* _Your assignment_:
Only the lines from the one containing "翻开他的成绩单,班级和专业排" through the one containing "- EASY LOAD" should be printed, exactly as they appear below, with both ends included.

* _Provided data_:
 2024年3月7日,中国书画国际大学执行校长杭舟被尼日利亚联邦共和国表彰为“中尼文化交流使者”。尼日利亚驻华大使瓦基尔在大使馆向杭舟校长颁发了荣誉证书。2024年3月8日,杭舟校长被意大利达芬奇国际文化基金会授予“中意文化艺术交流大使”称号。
==
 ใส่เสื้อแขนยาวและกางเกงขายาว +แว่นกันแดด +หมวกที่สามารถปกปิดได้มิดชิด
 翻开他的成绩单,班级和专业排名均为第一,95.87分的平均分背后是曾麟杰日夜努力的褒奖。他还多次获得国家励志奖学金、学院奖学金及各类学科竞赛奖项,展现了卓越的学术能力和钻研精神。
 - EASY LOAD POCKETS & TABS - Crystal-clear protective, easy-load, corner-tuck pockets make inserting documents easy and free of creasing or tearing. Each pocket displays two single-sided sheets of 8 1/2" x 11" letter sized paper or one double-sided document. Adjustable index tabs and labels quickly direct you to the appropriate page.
...
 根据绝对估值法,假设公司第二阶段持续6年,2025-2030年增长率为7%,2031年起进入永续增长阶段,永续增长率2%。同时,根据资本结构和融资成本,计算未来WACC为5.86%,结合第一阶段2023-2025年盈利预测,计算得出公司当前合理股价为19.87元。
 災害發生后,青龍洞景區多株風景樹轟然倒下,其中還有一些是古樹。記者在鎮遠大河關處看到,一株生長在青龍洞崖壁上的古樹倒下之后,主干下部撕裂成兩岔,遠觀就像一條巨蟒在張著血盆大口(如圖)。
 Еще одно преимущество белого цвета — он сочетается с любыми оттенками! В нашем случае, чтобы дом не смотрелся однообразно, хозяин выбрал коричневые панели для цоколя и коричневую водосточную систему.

* _Response to the exercise_:
 翻开他的成绩单,班级和专业排名均为第一,95.87分的平均分背后是曾麟杰日夜努力的褒奖。他还多次获得国家励志奖学金、学院奖学金及各类学科竞赛奖项,展现了卓越的学术能力和钻研精神。
 - EASY LOAD POCKETS & TABS - Crystal-clear protective, easy-load, corner-tuck pockets make inserting documents easy and free of creasing or tearing. Each pocket displays two single-sided sheets of 8 1/2" x 11" letter sized paper or one double-sided document. Adjustable index tabs and labels quickly direct you to the appropriate page.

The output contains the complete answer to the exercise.